● Problem to work on
In the records below, find the line with "80~90's Euro Belt", then copy each line exactly until you have copied the line with "Drawing inspiration from". Leave any picture out.

● Extracted information
########
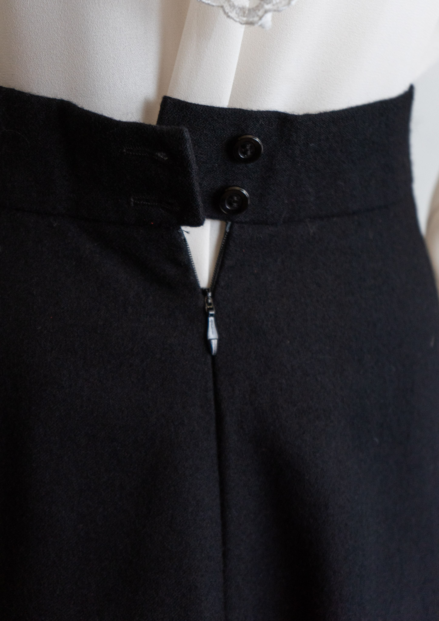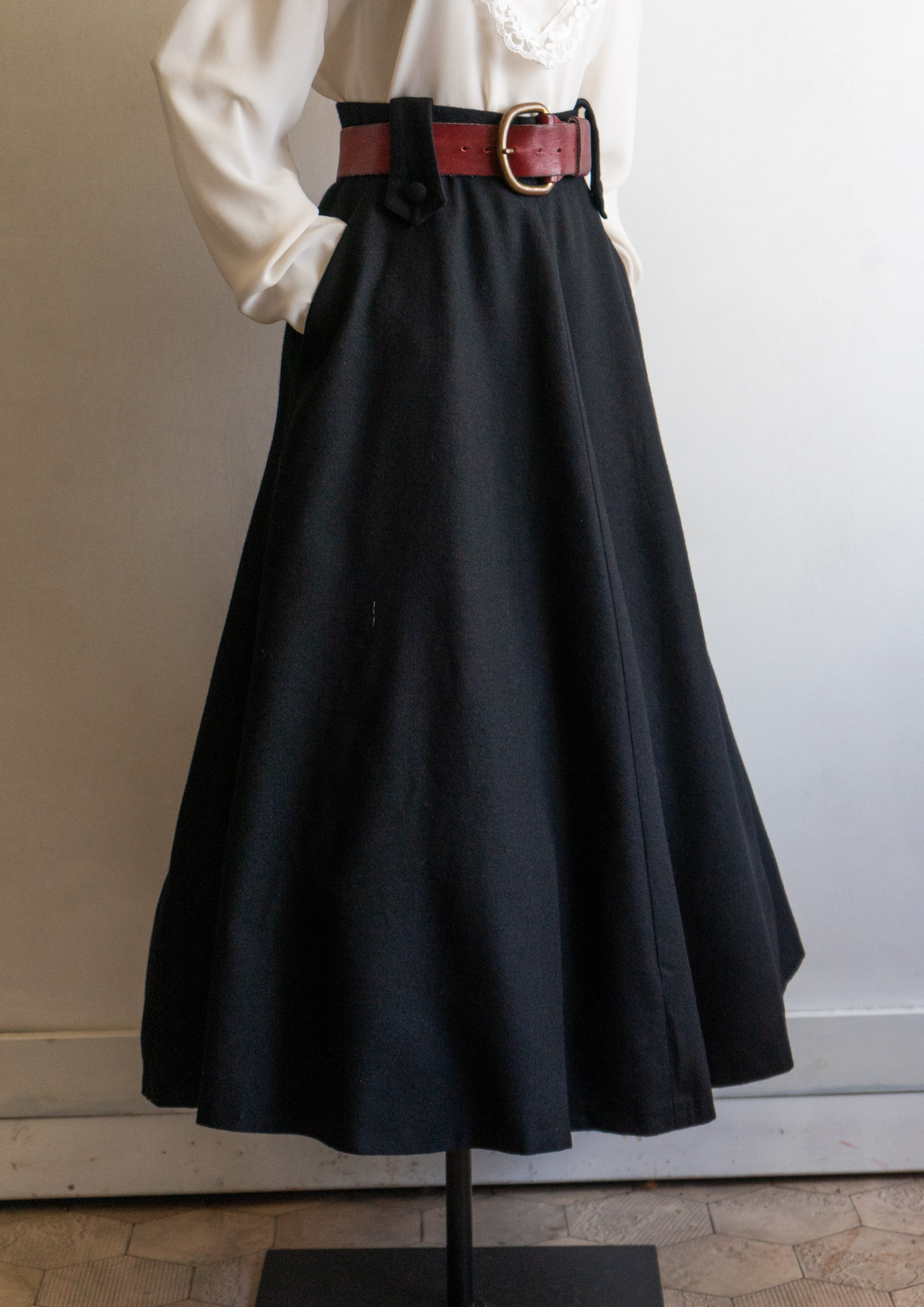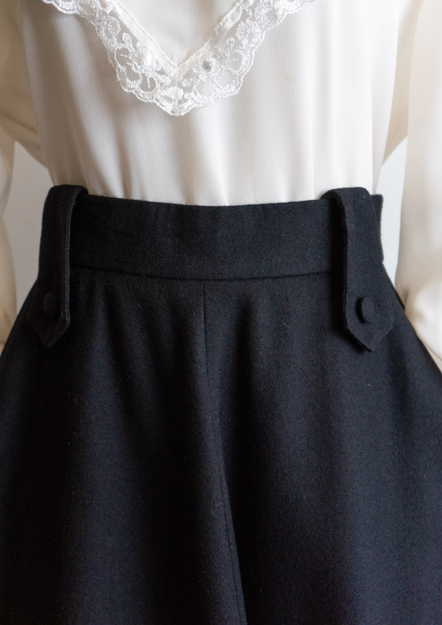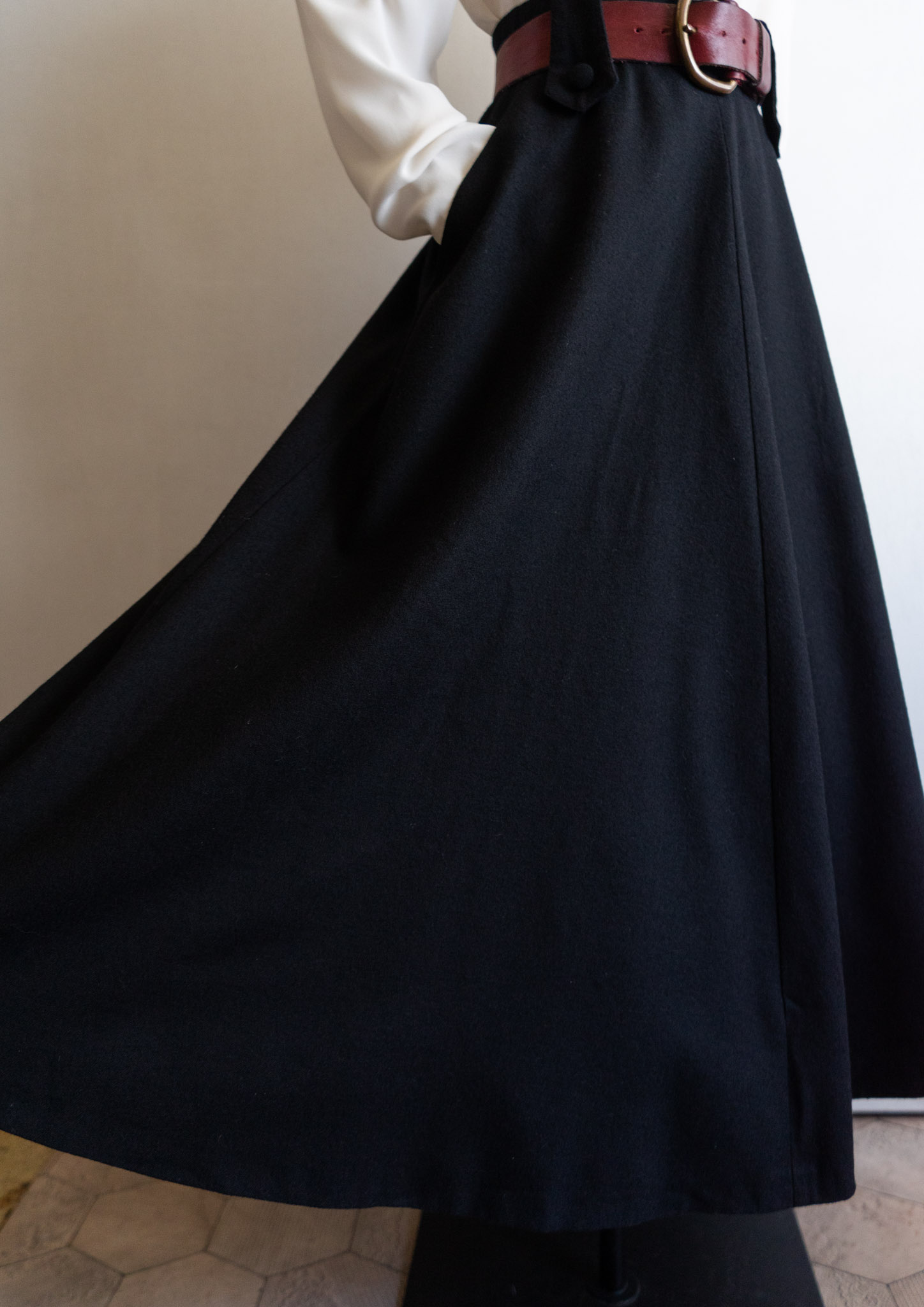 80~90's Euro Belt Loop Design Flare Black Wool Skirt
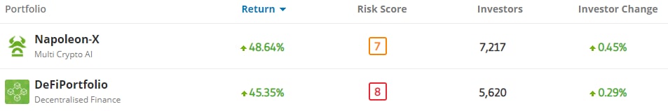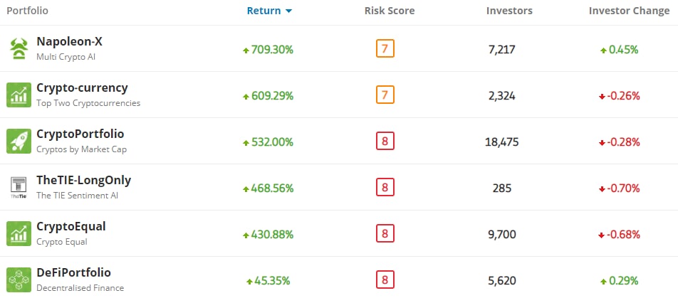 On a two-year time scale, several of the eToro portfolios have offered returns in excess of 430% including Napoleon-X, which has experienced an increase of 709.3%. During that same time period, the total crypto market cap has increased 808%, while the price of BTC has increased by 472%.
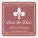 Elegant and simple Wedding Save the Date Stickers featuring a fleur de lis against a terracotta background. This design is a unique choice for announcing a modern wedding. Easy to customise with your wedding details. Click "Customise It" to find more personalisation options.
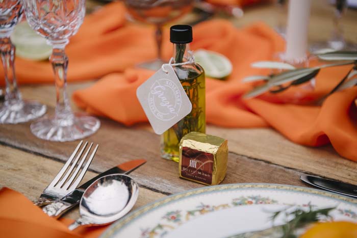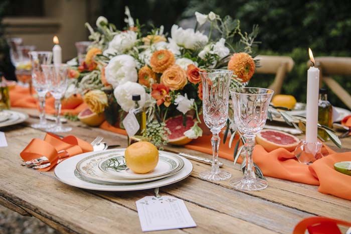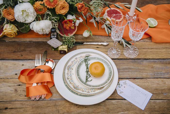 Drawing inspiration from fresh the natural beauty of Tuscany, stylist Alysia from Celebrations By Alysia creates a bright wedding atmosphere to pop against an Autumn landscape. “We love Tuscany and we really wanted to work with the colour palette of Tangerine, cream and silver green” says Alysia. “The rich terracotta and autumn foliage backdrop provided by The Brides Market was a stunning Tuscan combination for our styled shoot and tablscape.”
########
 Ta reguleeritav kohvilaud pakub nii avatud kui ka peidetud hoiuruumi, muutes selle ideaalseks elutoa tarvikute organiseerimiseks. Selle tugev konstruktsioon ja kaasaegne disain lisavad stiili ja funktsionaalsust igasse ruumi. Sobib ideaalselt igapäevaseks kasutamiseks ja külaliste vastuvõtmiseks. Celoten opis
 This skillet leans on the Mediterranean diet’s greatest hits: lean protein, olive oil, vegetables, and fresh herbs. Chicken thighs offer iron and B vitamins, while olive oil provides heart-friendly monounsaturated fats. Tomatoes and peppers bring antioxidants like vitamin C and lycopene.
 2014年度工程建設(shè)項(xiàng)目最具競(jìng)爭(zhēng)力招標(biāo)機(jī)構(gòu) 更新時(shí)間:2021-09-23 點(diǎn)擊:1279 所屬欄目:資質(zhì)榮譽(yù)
########
● Output of the exercise
 80~90's Euro Belt Loop Design Flare Black Wool Skirt
 On a two-year time scale, several of the eToro portfolios have offered returns in excess of 430% including Napoleon-X, which has experienced an increase of 709.3%. During that same time period, the total crypto market cap has increased 808%, while the price of BTC has increased by 472%.
 Elegant and simple Wedding Save the Date Stickers featuring a fleur de lis against a terracotta background. This design is a unique choice for announcing a modern wedding. Easy to customise with your wedding details. Click "Customise It" to find more personalisation options.
 Drawing inspiration from fresh the natural beauty of Tuscany, stylist Alysia from Celebrations By Alysia creates a bright wedding atmosphere to pop against an Autumn landscape. “We love Tuscany and we really wanted to work with the colour palette of Tangerine, cream and silver green” says Alysia. “The rich terracotta and autumn foliage backdrop provided by The Brides Market was a stunning Tuscan combination for our styled shoot and tablscape.”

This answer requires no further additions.